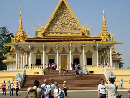 Our first stop is the Royal Palace and the magnificent Silver Pagoda, as well as other palace attractions now including a miniature replica of Angkor Wat. The Palace. The French influence is evident only in the equestrian statue presented to King Norodom in the 1860s by Napoleon III, but with the later substitution of the head of Norodom himself. The Silver Pagoda is named for its solid silver floor panels, and is dominated by a two-foot “emerald” Buddha, made, in reality, of a translucent jadeite.
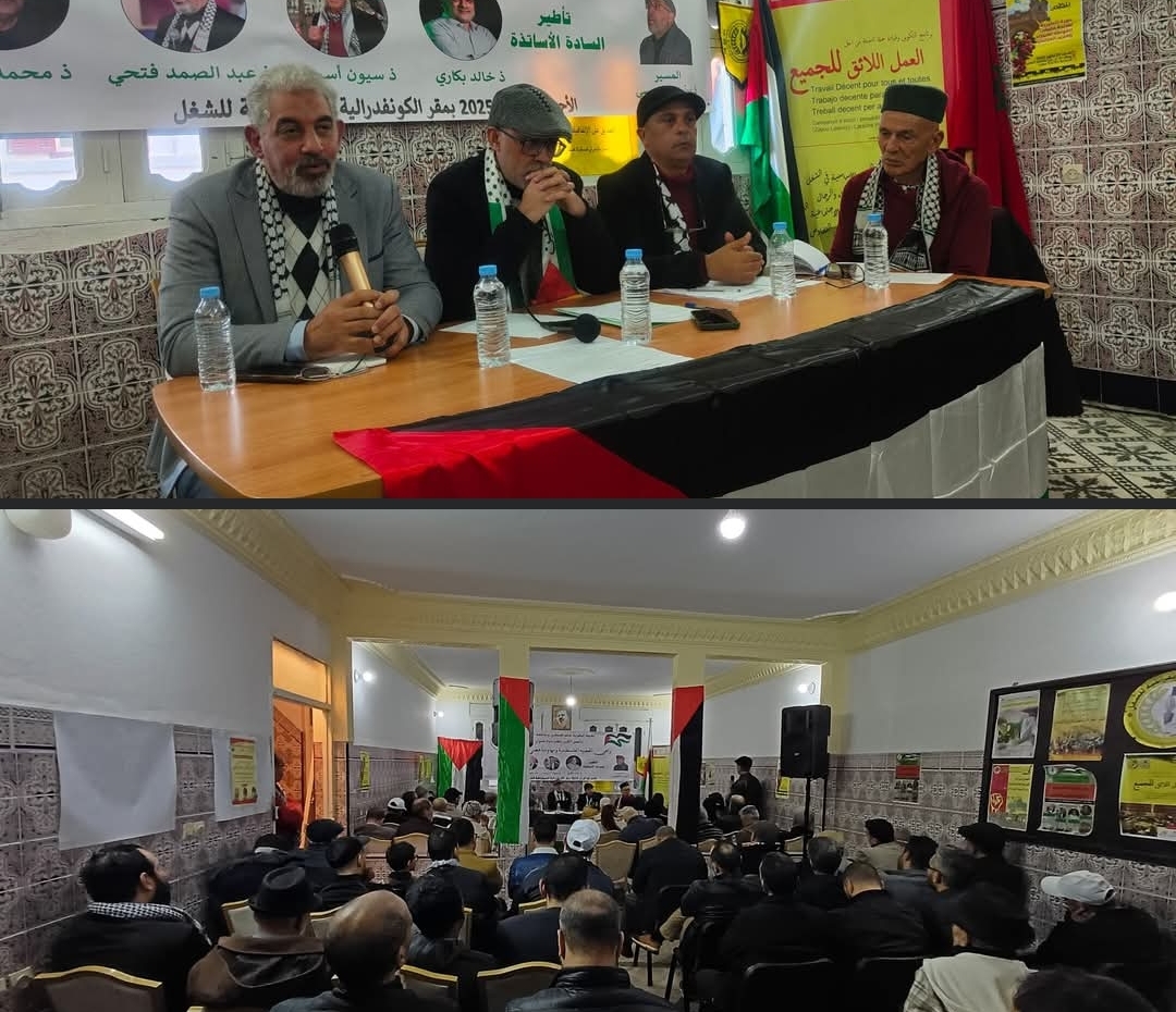 احتضن مقر الكونفدرالية الديمقراطية للشغل بمدينة القصر الكبير بعد عصر الأحد 16 فبراير 2025 أشغال ندوة: “راهن القضية الفلسطينية ومهام مناهضي التطبيع” التي دعت اليها الجبهة المغربية لدعم فلسطين ومناهضة التطبيع بالقصر الكبير ، بمشاركة الأساتذة : محمد الغفري ، عبد الصمد فتحي ، سيون أسيدون.
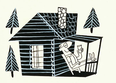 Detail of large-scale illustration for “A Meeting of the Clan at a State Park,” article in New York Times, October 14, 1956. This detail, reproduced (with the full illustration) in our second anthology, The Curiously Sinister Art of Jim Flora, is from a rejected version of the assignment found in the Flora family archives. The published version has similar elements, but repositioned.
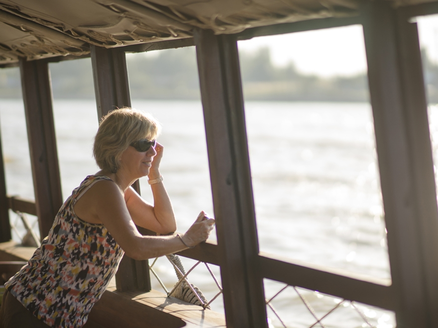 Savor a peaceful dinner served onboard before settling in for the night on the Mekong.
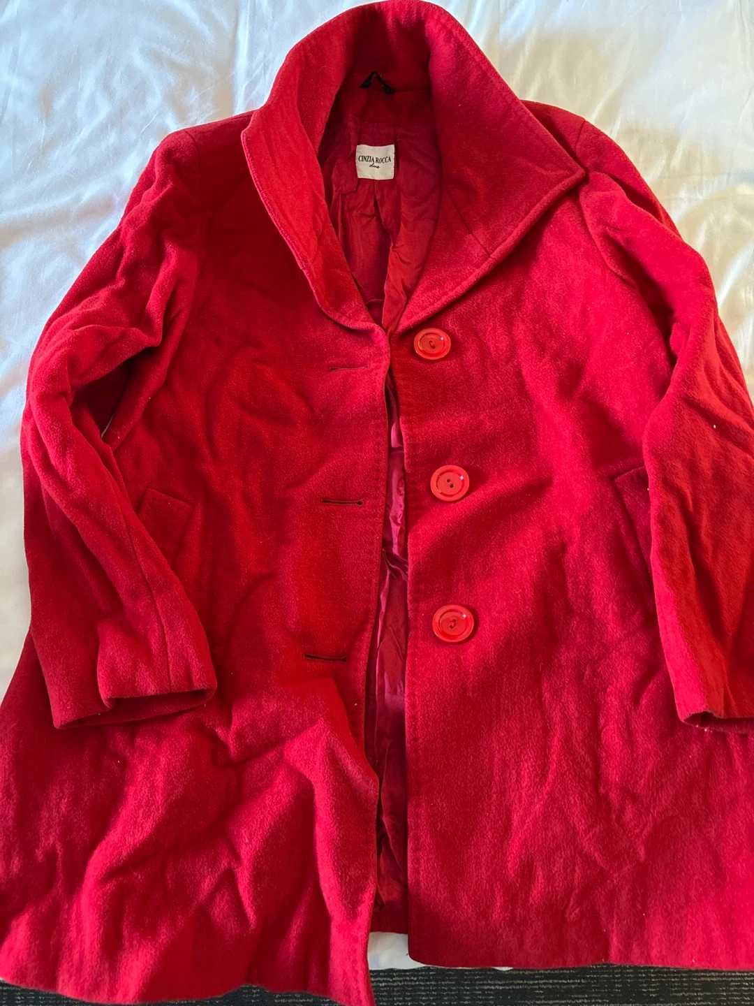 Selling a lovely red wool coat from Cinzia Rocca! It's in great shape and perfect for adding a pop of colour to your wardrobe. A stylish and warm choice for the cooler months
● ● ● ● ●
Print the stretch of the data from the line with "Savor a peaceful" through its last line, exactly and with both ends kept. Omit pictures.

### Solution to the exercise:
 Savor a peaceful dinner served onboard before settling in for the night on the Mekong.
 Selling a lovely red wool coat from Cinzia Rocca! It's in great shape and perfect for adding a pop of colour to your wardrobe. A stylish and warm choice for the cooler months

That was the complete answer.